> **TASK TO CARRY OUT**: Please set down, with no changes, every line of the material below from the one containing "Kit 2 Petisco" through the end. Skip the pictures.

[[ COLLECTED MATERIAL open ]]

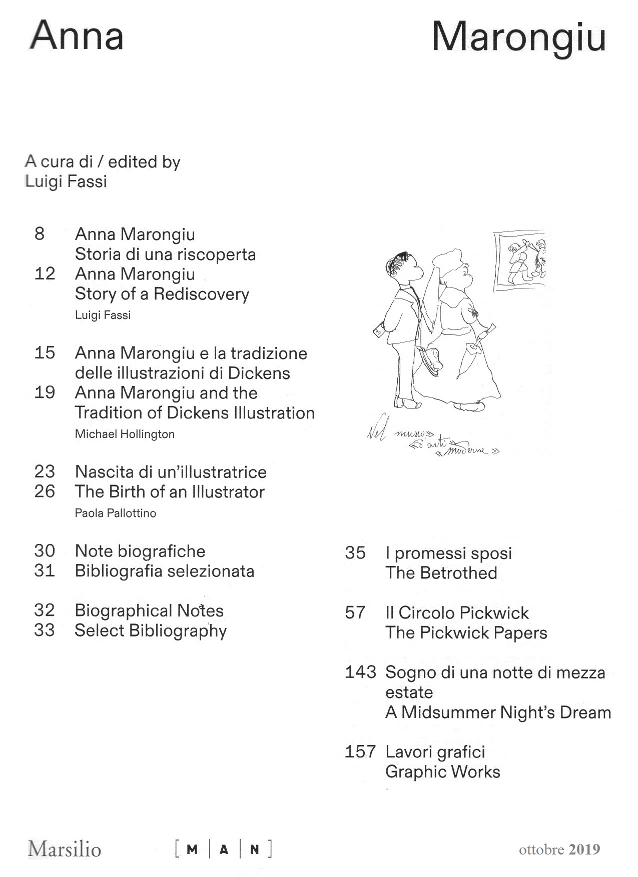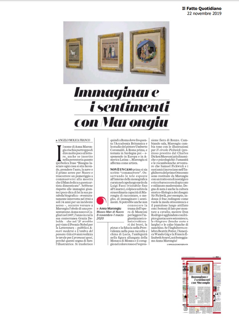 Dopo i primi disegni dell'adolescenza, è nell' illustrazione che Anna Marongiu si cimenta con successo. Le letture da lei amate fanno pullulare nella sua fantasia una quantità indicibile di figure e di scene, cui sente il bisogno di dare segno, forma e, spesso, colore. Questa particolare sensibilità per l'illustrazione, caratterizzata da molta originalità e varietà compositiva, l'accompagnerà in tutto l'arco della sua esistenza. Tra le altre i Promessi Sposi, Il circolo Pickwick e il Sogno di una notte di mezza estate.
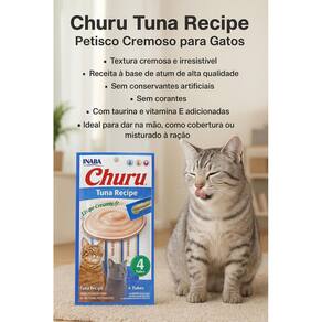 Kit 2 Petisco Cremoso Churu Atum Para Gatos 56g Petisco Cremoso Churu Sabor Atum para Gatos - 56g 4 unidades O Churu é um petisco cremoso de alta qualidade desenvolvido pela Inaba, especialmente para gatos de todas as idades. Sua fórmula à base de atum proporciona um sabor irresistível e uma textura única que agrada até os felinos mais exigentes. Benefícios do produto:
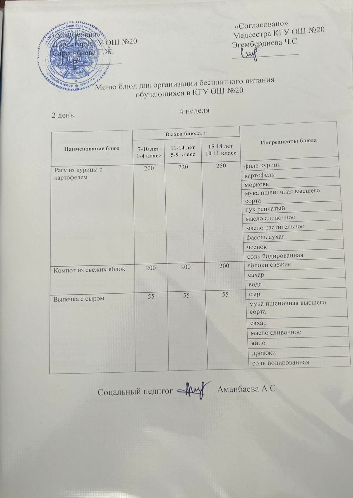 2023-2024 оқу жылы 1-4 сынып және СУСН 5-11 сыныптар мәзірі. Меню 1-4 класс, СУСН 5-11 класс 2023-2024 учебный год
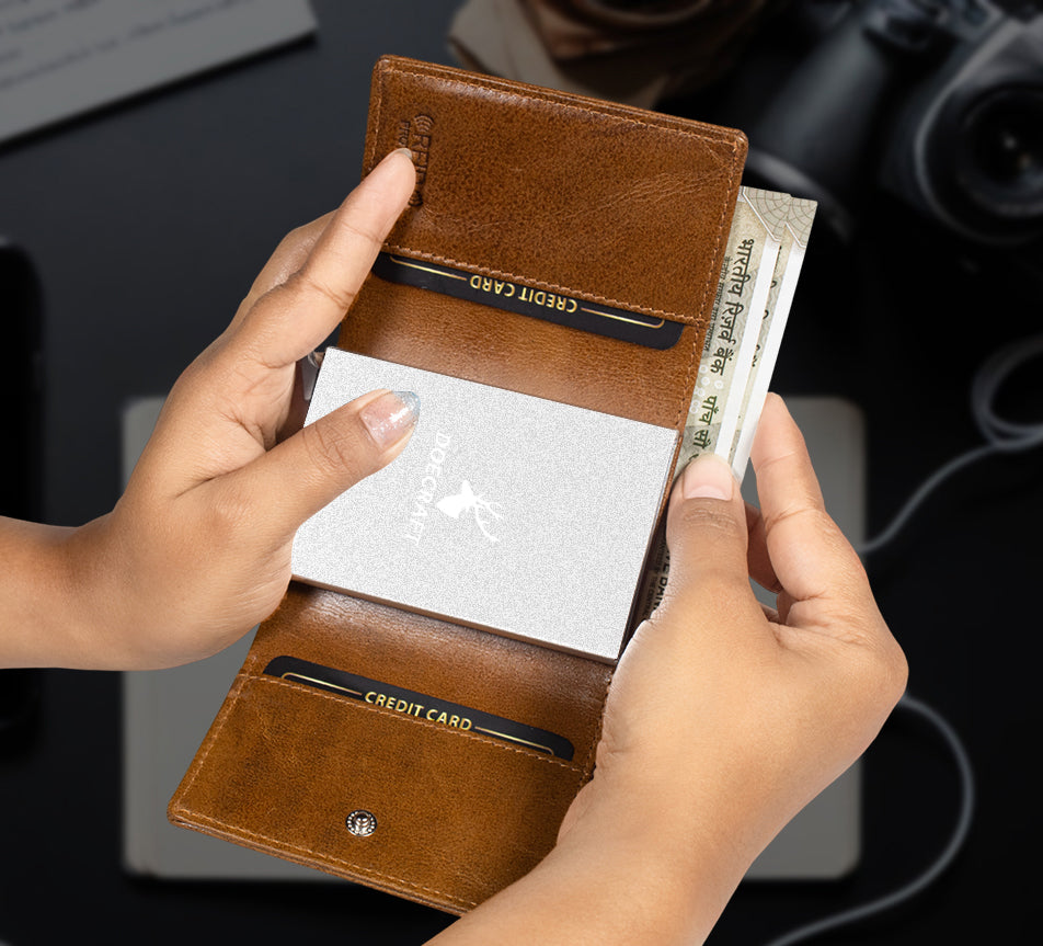 Elevate your everyday essentials with this sleek and sophisticated wallet, crafted from premium top-grain leather for a luxurious look and feel. Designed for both style and functionality, it features 8 card slots and a unique silver metal card case with an embossed Deer 3D print, combining elegance with durability.

[[ COLLECTED MATERIAL closed ]]

> **SOLUTION FOR THIS TASK**:
 Kit 2 Petisco Cremoso Churu Atum Para Gatos 56g Petisco Cremoso Churu Sabor Atum para Gatos - 56g 4 unidades O Churu é um petisco cremoso de alta qualidade desenvolvido pela Inaba, especialmente para gatos de todas as idades. Sua fórmula à base de atum proporciona um sabor irresistível e uma textura única que agrada até os felinos mais exigentes. Benefícios do produto:
 2023-2024 оқу жылы 1-4 сынып және СУСН 5-11 сыныптар мәзірі. Меню 1-4 класс, СУСН 5-11 класс 2023-2024 учебный год
 Elevate your everyday essentials with this sleek and sophisticated wallet, crafted from premium top-grain leather for a luxurious look and feel. Designed for both style and functionality, it features 8 card slots and a unique silver metal card case with an embossed Deer 3D print, combining elegance with durability.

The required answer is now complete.